-- Excerpted records --
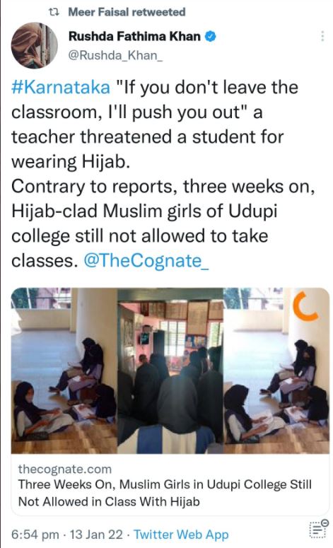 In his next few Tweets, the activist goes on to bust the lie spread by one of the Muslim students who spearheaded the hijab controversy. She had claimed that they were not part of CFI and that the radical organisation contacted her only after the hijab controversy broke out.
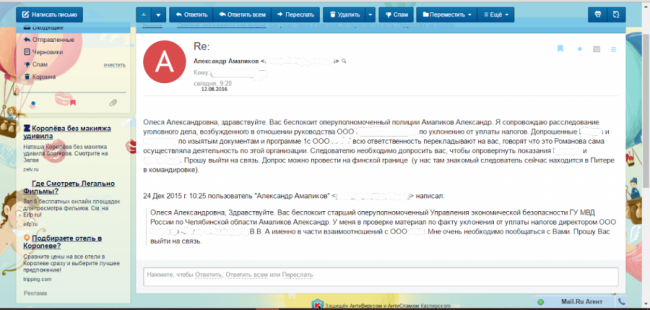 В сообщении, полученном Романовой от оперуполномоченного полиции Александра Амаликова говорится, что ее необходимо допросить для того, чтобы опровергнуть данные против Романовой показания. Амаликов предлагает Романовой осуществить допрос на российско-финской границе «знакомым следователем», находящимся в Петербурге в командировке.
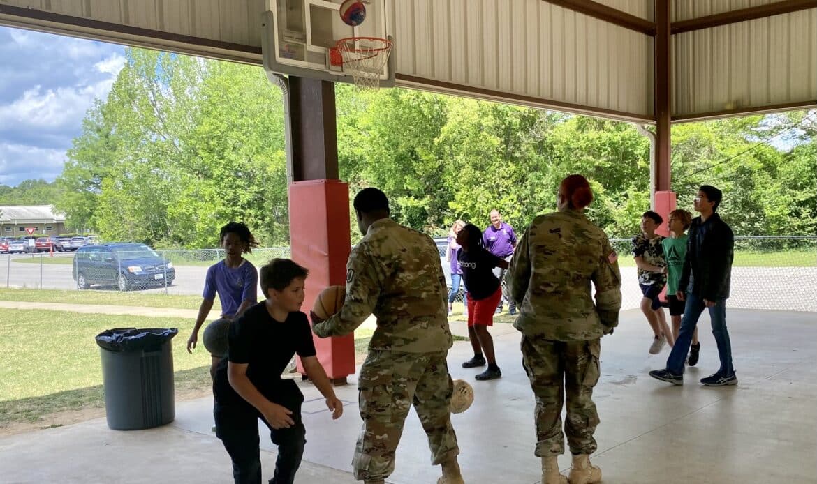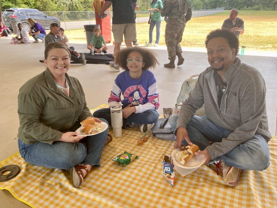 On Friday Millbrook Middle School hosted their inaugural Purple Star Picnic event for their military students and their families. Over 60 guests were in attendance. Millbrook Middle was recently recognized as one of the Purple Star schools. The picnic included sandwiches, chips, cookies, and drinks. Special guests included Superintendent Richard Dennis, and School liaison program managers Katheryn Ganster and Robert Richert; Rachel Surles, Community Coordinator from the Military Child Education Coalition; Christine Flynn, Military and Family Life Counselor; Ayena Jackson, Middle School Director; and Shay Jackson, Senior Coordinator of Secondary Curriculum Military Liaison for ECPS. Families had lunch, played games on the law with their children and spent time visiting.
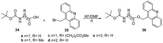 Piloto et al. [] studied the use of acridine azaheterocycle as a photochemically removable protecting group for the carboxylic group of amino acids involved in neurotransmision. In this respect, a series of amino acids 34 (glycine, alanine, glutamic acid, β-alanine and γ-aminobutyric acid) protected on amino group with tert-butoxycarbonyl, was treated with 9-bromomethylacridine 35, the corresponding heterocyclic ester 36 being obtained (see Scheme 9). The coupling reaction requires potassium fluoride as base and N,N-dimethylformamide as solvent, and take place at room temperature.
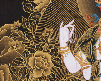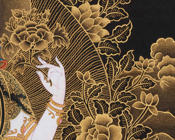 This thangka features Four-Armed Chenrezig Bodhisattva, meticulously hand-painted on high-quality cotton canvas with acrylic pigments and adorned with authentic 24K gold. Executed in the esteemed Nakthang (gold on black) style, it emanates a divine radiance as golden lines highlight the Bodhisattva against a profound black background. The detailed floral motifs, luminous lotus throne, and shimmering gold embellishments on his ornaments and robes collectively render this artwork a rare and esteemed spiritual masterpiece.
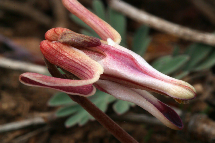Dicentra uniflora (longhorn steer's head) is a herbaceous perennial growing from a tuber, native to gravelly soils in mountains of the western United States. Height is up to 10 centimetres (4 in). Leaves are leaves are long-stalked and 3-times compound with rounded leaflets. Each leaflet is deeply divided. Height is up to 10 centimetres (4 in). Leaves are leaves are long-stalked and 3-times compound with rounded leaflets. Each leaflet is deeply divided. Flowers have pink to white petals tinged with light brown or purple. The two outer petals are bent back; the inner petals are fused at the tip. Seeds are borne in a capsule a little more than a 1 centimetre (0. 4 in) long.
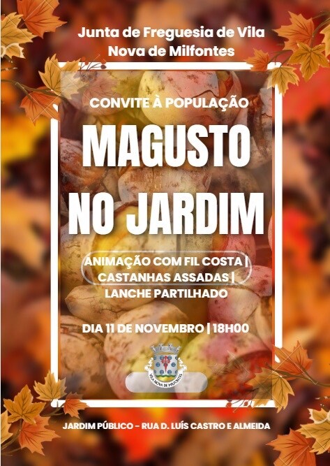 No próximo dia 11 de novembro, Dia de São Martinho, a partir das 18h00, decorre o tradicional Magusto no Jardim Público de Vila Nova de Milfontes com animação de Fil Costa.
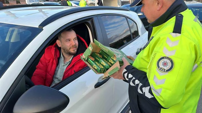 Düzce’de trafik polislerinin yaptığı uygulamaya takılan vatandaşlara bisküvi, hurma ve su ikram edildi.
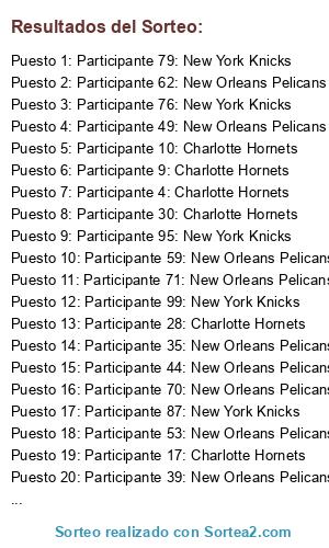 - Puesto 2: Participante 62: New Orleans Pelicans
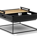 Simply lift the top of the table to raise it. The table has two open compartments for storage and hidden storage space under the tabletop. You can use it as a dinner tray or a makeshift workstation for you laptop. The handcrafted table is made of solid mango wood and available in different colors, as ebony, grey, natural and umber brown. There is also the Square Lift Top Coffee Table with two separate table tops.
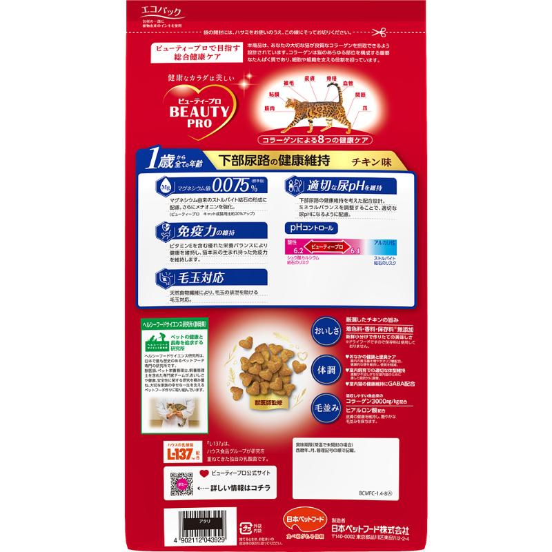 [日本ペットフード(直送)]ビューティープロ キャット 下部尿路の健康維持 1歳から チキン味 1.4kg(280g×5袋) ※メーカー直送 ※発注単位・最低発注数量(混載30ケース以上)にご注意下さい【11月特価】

-- Task --
Since the pictures are not wanted, write out the rest of the data exactly as it reads.

-- Response to the task --
 In his next few Tweets, the activist goes on to bust the lie spread by one of the Muslim students who spearheaded the hijab controversy. She had claimed that they were not part of CFI and that the radical organisation contacted her only after the hijab controversy broke out.
 В сообщении, полученном Романовой от оперуполномоченного полиции Александра Амаликова говорится, что ее необходимо допросить для того, чтобы опровергнуть данные против Романовой показания. Амаликов предлагает Романовой осуществить допрос на российско-финской границе «знакомым следователем», находящимся в Петербурге в командировке.
 On Friday Millbrook Middle School hosted their inaugural Purple Star Picnic event for their military students and their families. Over 60 guests were in attendance. Millbrook Middle was recently recognized as one of the Purple Star schools. The picnic included sandwiches, chips, cookies, and drinks. Special guests included Superintendent Richard Dennis, and School liaison program managers Katheryn Ganster and Robert Richert; Rachel Surles, Community Coordinator from the Military Child Education Coalition; Christine Flynn, Military and Family Life Counselor; Ayena Jackson, Middle School Director; and Shay Jackson, Senior Coordinator of Secondary Curriculum Military Liaison for ECPS. Families had lunch, played games on the law with their children and spent time visiting.
 Piloto et al. [] studied the use of acridine azaheterocycle as a photochemically removable protecting group for the carboxylic group of amino acids involved in neurotransmision. In this respect, a series of amino acids 34 (glycine, alanine, glutamic acid, β-alanine and γ-aminobutyric acid) protected on amino group with tert-butoxycarbonyl, was treated with 9-bromomethylacridine 35, the corresponding heterocyclic ester 36 being obtained (see Scheme 9). The coupling reaction requires potassium fluoride as base and N,N-dimethylformamide as solvent, and take place at room temperature.
 This thangka features Four-Armed Chenrezig Bodhisattva, meticulously hand-painted on high-quality cotton canvas with acrylic pigments and adorned with authentic 24K gold. Executed in the esteemed Nakthang (gold on black) style, it emanates a divine radiance as golden lines highlight the Bodhisattva against a profound black background. The detailed floral motifs, luminous lotus throne, and shimmering gold embellishments on his ornaments and robes collectively render this artwork a rare and esteemed spiritual masterpiece.
Dicentra uniflora (longhorn steer's head) is a herbaceous perennial growing from a tuber, native to gravelly soils in mountains of the western United States. Height is up to 10 centimetres (4 in). Leaves are leaves are long-stalked and 3-times compound with rounded leaflets. Each leaflet is deeply divided. Height is up to 10 centimetres (4 in). Leaves are leaves are long-stalked and 3-times compound with rounded leaflets. Each leaflet is deeply divided. Flowers have pink to white petals tinged with light brown or purple. The two outer petals are bent back; the inner petals are fused at the tip. Seeds are borne in a capsule a little more than a 1 centimetre (0. 4 in) long.
 No próximo dia 11 de novembro, Dia de São Martinho, a partir das 18h00, decorre o tradicional Magusto no Jardim Público de Vila Nova de Milfontes com animação de Fil Costa.
 Düzce’de trafik polislerinin yaptığı uygulamaya takılan vatandaşlara bisküvi, hurma ve su ikram edildi.
 - Puesto 2: Participante 62: New Orleans Pelicans
 Simply lift the top of the table to raise it. The table has two open compartments for storage and hidden storage space under the tabletop. You can use it as a dinner tray or a makeshift workstation for you laptop. The handcrafted table is made of solid mango wood and available in different colors, as ebony, grey, natural and umber brown. There is also the Square Lift Top Coffee Table with two separate table tops.
 [日本ペットフード(直送)]ビューティープロ キャット 下部尿路の健康維持 1歳から チキン味 1.4kg(280g×5袋) ※メーカー直送 ※発注単位・最低発注数量(混載30ケース以上)にご注意下さい【11月特価】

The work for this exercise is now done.